In [1]:
import numpy as np
import torch

import matplotlib.pyplot as plt
%matplotlib inline

import EKFAC

## Testing gradient passed to the backward hook function

In the EKFAC code, we register a backwards hook for every **linear** layer that gets called every time ``loss.backward()`` is called. One of the arguments passed to the hook (which our hook saves) is the gradient of the loss function with respect to the **output** of the linear layer.  In this notebook, we verify that that argument matches analytic calculations, for some simple networks.  

### Single-layer linear network with a single output, and no bias

The first network we test is simply a linear network with an arbitrary input dimension but a one-dimensional output, i.e. taking the dot product of the input with a weights vector.  

That is, 
\begin{equation}
y = \vec{W}\cdot\vec{x}
\end{equation}

We will use two different loss functions, either the mean-squared loss or the total squared loss, where the mean or sum respectively is taken over all of the mini-batch inputs.  So if the data in a mini-batch is denoted $\{ ( \vec{x}_i, y_i ) \}$, then the MSE loss is given by 
\begin{equation}
L_{MSE} = \frac{1}{N_b}\sum_i (y_i - \vec{W} \cdot \vec{x})^2 = \frac{1}{N_b}\sum_i (y_i - y^{mod}_i)^2
\end{equation}
and the total squared loss is given by 
\begin{equation}
L_{TSE} = \sum_i (y_i - \vec{W} \cdot \vec{x})^2 = \sum_i (y_i - y^{mod}_i)^2,
\end{equation}
where $y^{mod}_i$ is defined via $y^{mod}_i = y(\vec{x}_i)$.  

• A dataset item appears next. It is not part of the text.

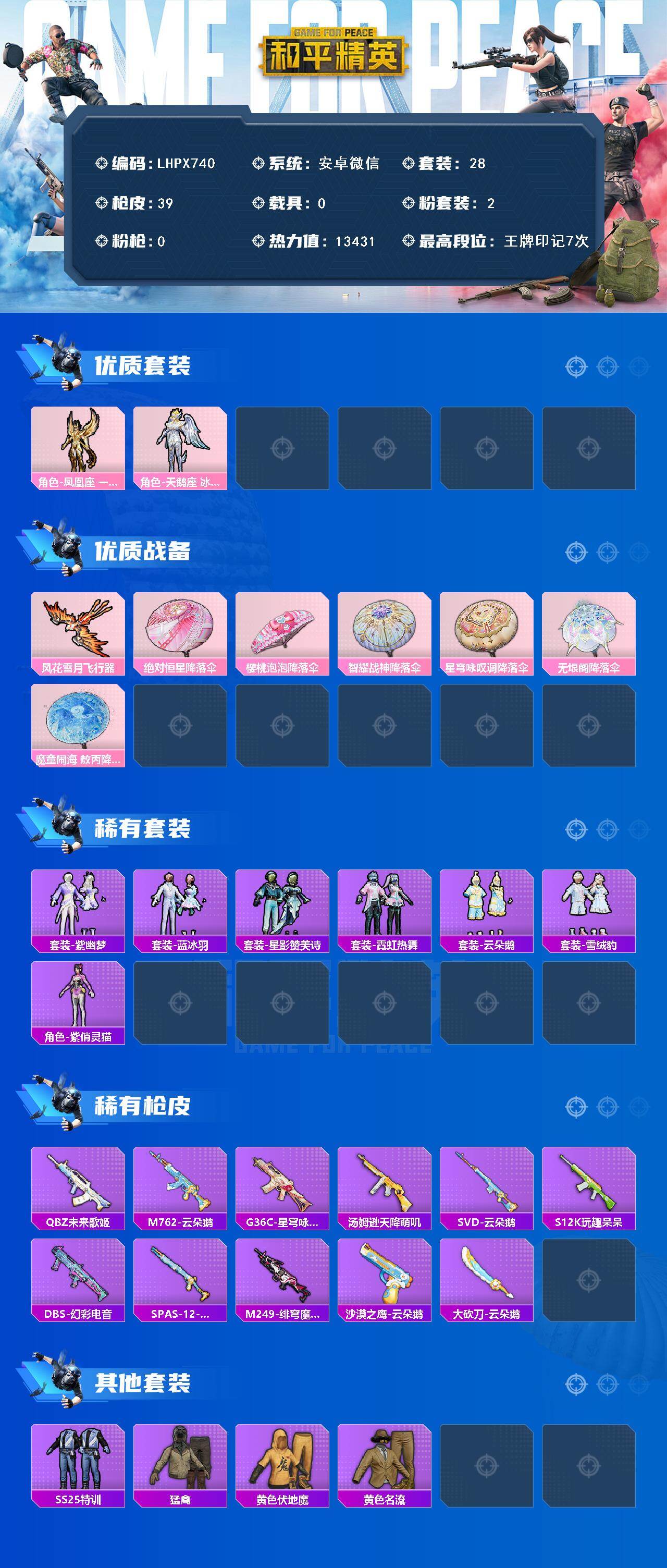 0载具-28套装-39呛皮-【特价出售/店主推荐】安卓 微信-2粉装-0特效呛-0载具-2粉色飞行器-13431热力值-7王牌印记-28套装-39呛皮 【粉色套装】:角色-凤凰座 一辉,角色-天鹅座 冰河 【粉色飞行器】:风花雪月飞行器 【粉色降落伞】:绝对恒星降落伞,樱桃泡泡降落伞,智耀战神降落伞,星穹咏叹调降落伞,无垠阁降

Then, when we take gradients of the loss function with respect to the outputs $y^{mod}_i$ and get, for each loss function, that
\begin{equation}
\frac{\partial L_{MSE}}{\partial y^{mod}_i} = -\frac{2}{N_b} (y_i - y^{mod}_i) 
\end{equation}
and
\begin{equation}
\frac{\partial L_{TSE}}{\partial y^{mod}_i} = -2 (y_i - y^{mod}_i) 
\end{equation}

The only difference between the two is the factor of $N_b$, which comes from the definitions of the $TSE$ and $MSE$ functions themselves.

In [29]:
Nbatch = 10
D_in = 2
D_out = 1

linear_model = torch.nn.Sequential(
    torch.nn.Linear(D_in, D_out, bias=False),
)

W = list(linear_model.parameters())[0]

In [30]:
EKFAC_lin = EKFAC.EKFAC(linear_model)

In [31]:
# Create random Tensors to hold inputs and outputs
x = torch.randn(Nbatch, D_in)
y = torch.randn(Nbatch, D_out)

In [32]:
y_mod = linear_model(x)

loss_functions = {'MSE': torch.nn.MSELoss(reduction='mean'),
          'TSE': torch.nn.MSELoss(reduction='sum')}

loss_gradients  = {'MSE': lambda y, y_mod, N_batch: -2/N_batch*(y-y_mod),
                   'TSE': lambda y, y_mod, N_batch: -2*(y-y_mod)
                  }

In [33]:
loss_type = 'TSE'

loss_fun = loss_functions[loss_type]
loss_grad = loss_gradients[loss_type]

l = loss_fun(y, y_mod)
l.backward()

Now we can compare the stored items in the ``EKFAC`` object to the gradients we calculated analytically.

In [34]:
gradient_passed_to_hook = EKFAC_lin.stored_items[list(EKFAC_lin.stored_items.keys())[0]]['grad_wrt_output']
gradient_analytic = loss_grad(y, y_mod, Nbatch)

In [35]:
gradient_passed_to_hook

tensor([[  0.7901],
        [-14.3245],
        [-15.9768],
        [ 17.5171],
        [-16.2203],
        [ 10.7378],
        [ -6.6827],
        [  9.1003],
        [ 10.4937],
        [ -0.4674]])

In [36]:
gradient_analytic

tensor([[ 0.0790],
        [-1.4325],
        [-1.5977],
        [ 1.7517],
        [-1.6220],
        [ 1.0738],
        [-0.6683],
        [ 0.9100],
        [ 1.0494],
        [-0.0467]], grad_fn=<MulBackward0>)